YOUR INSTRUCTIONS >> Look through the records below for the line holding "Doppelzügiges Gerätekanal-Inneneck 90°, Sichtflächen". Write it out exactly, with each following line through the line holding "北鼎(Buydeem)养生壶".

RECORDS SUPPLIED >>

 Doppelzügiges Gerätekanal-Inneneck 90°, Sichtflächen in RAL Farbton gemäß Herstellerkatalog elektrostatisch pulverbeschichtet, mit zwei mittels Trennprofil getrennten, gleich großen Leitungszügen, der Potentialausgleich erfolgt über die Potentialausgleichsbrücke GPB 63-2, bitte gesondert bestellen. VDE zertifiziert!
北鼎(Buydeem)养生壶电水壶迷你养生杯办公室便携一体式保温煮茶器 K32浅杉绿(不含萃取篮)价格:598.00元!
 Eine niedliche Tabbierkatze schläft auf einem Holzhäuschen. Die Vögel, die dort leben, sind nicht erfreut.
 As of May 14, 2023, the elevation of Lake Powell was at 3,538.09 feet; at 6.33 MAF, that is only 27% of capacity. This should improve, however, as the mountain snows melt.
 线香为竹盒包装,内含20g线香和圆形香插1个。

...

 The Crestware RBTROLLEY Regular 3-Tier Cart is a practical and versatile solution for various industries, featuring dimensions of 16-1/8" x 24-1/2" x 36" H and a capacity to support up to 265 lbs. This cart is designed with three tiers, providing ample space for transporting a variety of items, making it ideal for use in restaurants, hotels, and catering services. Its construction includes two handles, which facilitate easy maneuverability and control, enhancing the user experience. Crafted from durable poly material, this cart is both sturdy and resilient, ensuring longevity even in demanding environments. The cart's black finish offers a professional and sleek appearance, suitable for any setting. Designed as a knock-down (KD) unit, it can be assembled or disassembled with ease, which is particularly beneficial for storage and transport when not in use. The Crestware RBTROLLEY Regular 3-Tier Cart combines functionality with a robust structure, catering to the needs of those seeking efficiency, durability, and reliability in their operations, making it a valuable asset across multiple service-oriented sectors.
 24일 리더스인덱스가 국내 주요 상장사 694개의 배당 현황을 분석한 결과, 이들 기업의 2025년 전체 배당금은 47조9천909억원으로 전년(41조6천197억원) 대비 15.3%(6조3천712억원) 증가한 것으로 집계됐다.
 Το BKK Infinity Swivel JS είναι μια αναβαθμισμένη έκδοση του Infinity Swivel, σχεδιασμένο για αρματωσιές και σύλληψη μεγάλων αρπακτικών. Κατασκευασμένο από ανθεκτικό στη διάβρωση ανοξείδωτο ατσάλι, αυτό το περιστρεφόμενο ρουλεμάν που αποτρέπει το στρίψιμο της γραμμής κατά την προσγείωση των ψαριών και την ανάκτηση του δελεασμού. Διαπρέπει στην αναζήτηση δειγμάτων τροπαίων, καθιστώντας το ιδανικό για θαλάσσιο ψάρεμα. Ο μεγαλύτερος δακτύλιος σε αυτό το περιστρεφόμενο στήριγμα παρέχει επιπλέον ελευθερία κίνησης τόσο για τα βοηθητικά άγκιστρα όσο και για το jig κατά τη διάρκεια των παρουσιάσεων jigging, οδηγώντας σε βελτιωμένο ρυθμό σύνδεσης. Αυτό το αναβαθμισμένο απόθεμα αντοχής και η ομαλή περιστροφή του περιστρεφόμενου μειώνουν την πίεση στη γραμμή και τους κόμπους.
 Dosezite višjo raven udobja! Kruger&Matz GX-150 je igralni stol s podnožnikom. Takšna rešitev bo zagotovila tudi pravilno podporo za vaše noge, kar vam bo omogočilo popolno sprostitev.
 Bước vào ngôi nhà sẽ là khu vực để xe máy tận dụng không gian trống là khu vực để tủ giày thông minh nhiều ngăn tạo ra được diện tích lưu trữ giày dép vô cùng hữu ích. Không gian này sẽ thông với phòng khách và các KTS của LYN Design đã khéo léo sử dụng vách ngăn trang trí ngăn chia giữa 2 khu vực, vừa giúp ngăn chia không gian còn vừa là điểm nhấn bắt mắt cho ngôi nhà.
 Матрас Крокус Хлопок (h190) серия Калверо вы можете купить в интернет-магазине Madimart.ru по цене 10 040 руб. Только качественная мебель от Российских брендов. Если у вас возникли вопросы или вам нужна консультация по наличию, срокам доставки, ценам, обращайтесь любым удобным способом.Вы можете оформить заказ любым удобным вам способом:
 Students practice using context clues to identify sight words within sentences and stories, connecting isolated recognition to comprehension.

ANSWER >>
 Doppelzügiges Gerätekanal-Inneneck 90°, Sichtflächen in RAL Farbton gemäß Herstellerkatalog elektrostatisch pulverbeschichtet, mit zwei mittels Trennprofil getrennten, gleich großen Leitungszügen, der Potentialausgleich erfolgt über die Potentialausgleichsbrücke GPB 63-2, bitte gesondert bestellen. VDE zertifiziert!
北鼎(Buydeem)养生壶电水壶迷你养生杯办公室便携一体式保温煮茶器 K32浅杉绿(不含萃取篮)价格:598.00元!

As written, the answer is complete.